Azure Databricks Walkabout

Finally got my Azure Databricks preview enabled. This is just a quick overview of how it all hooks together.

Technical Architecture Overview

Basically Databricks is the PaaS and Azure is the IaaS. Which is a smart play by Databricks. Why try and compete with the scale and resilience that Microsoft and AWS hosting IaaS. Leveraging partner IaaS to host their PaaS service allows them to do what they do well which is to focus on pushing the Databricks spark platform above and beyond what other data platforms are capable of.

Creating the Service

When you create the Databricks service it creates what appears to be a PaaS service that sits in a blade in the resource group you select when creating the service. So in my case I created a service called sibytes-databricks in my DataLakePatterns resource group.

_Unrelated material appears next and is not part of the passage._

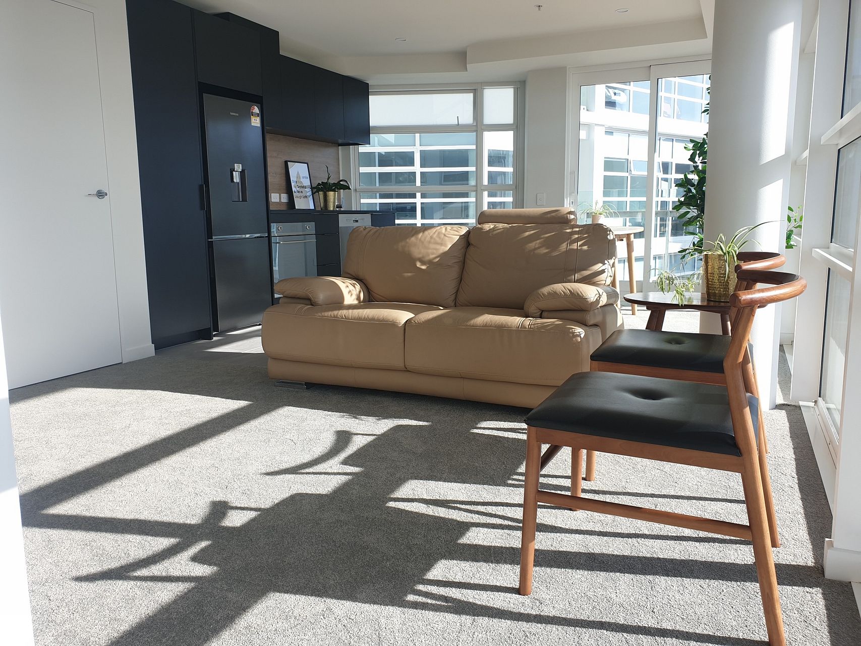 Fully furnished with Samsung fridge/freezer with water dispenser, Samsung combo washer and dryer, Samsung Smart TV, dining table set and sofa, basis kitchen utensils, pots and pan, plates and cutlery and Queen bed with headboard.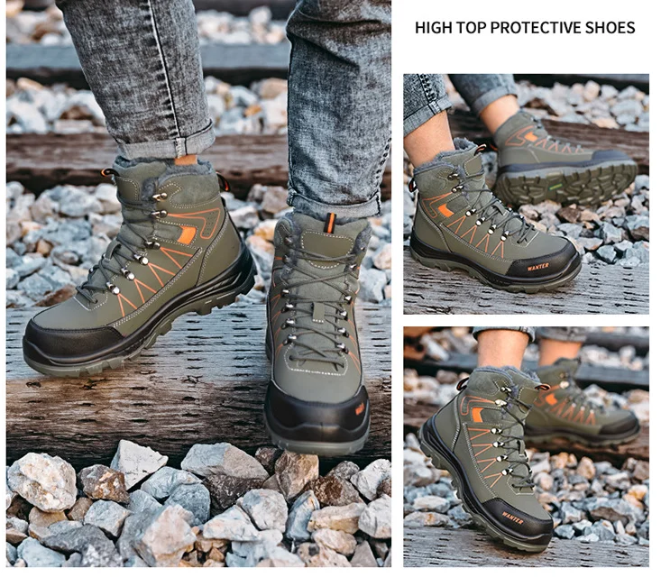 Зимние ботинки, Мужская Рабочая защитная обувь, непромокаемые ботинки со стальным носком, Нескользящие теплые военные тактические ботинки

Screen Shot 2018-01-14 at 08.45.08

At the top:

  • Managed Resource Group – this is a resource group that houses the managed IaaS – see below
  • URL – the URL to the Databricks PaaS service. This is also where the “Launch Workspace” button goes to
  • Resource Group – Just where this pass through blade to the Databricks service sit in your subscription

When you click the Launch Workspace button it takes you through a single sign-on to Databricks which is where the PaaS services operates. The first time you go through you’re asked to delegate authorisation to your azure account from the Databricks service so it can manage the IaaS as part of the service. So you’ll see this

Screen Shot 2018-01-14 at 08.19.34

NOTE: this has to be an azure domain account not a Microsoft account so you’ll need to set one up before hand. Also it’s probably wise to create a domain account specifically for this purpose rather than using a specific user account so you can lock down it’s permissions entirely to what it should have – particularly with regards data access.

Once in you’ll see the usual and in my opinion brilliantly usable PaaS service interface.

Screen Shot 2018-01-14 at 08.47.00

Remember that it’s a single sign-on delegated permission to Azure so when you manage your account in Databricks it will take straight back into Azure.

Managed IaaS

When you create your Databricks service you’ll also notice that it will also create an additional Resource Group to house the infrastructure services that Databricks creates to run the enhanced spark data platform.

Screen Shot 2018-01-14 at 08.31.10

Initially it will look like the following i.e. with no clusters created and running.

Screen Shot 2018-01-14 at 09.06.14It has:

  • A storage account – so it’s not entirely IaaS. The storage is read-only and you cannot access it. Not 100% what this is for yet but if it’s for data content storage then we might be limited to 1 account and that also means data going in and out can only be through Databricks. Or maybe it’s just for a specific types of Databricks meta data or processing storage type… Or maybe it’s for internal config, logs and security… Need to look into this further when I get into data processing and explore to see what if any other Azure storage accounts can be attached. Will blog on it…
  • Virtual Network – This is basically a secure vnet for the IaaS clusters.
  • Network Security Group – This is all the network security inbound and outbound settings that allow Azure and Databaricks to speak to each other to spin up IaaS VM’s and access data.

Creating A Cluster

Things get a little more interesting when we create a cluster. I created a 2 node cluster with a 1 driver using Standard DS3’s. In the drop downs for choosing machines you’re limited to a specific collection and currently they are all listed as beta.

Screen Shot 2018-01-14 at 08.32.10

Looking back into the Azure IaaS resource group we can see it’s spun up 3 linux machines on the VM’s we have chosen in Databricks:

Screen Shot 2018-01-14 at 08.33.20

When we stop the cluster in Databricks I was expecting the VM’s to be stopped. However that doesn’t happen. Currently what happens is that Databricks retains the cluster as a terminated cluster and Azure delete’s all of the VM’s so all you’re left with is the VNet, SGN and Storage Account with our data on it – which is what we started with plus our data.

What this means is that you’ll pay less in storage when you cluster is stopped however it can take quite a while for clusters to come and down particularly if they’re pretty large. It would be good to have an option to pause the service that keeps the VM’s persisted.

Thoughts & More to Follow

This is just a quick look and intro – more to follow particularly on data processing, storage and hooking into the PaaS service through their data provider.

How the storage accounts hook in is a big part of how good this will be because if interaction and flexibility around storage is limited then it may significantly reduce it’s appeal as an architectural option. If it is significantly locked down then we’ll be forced to use and pay for services that Microsoft and Databricks have agreed to integrate that you would otherwise may not need in order to build a viable and compelling data platform  e.g. Azure Data Warehouse…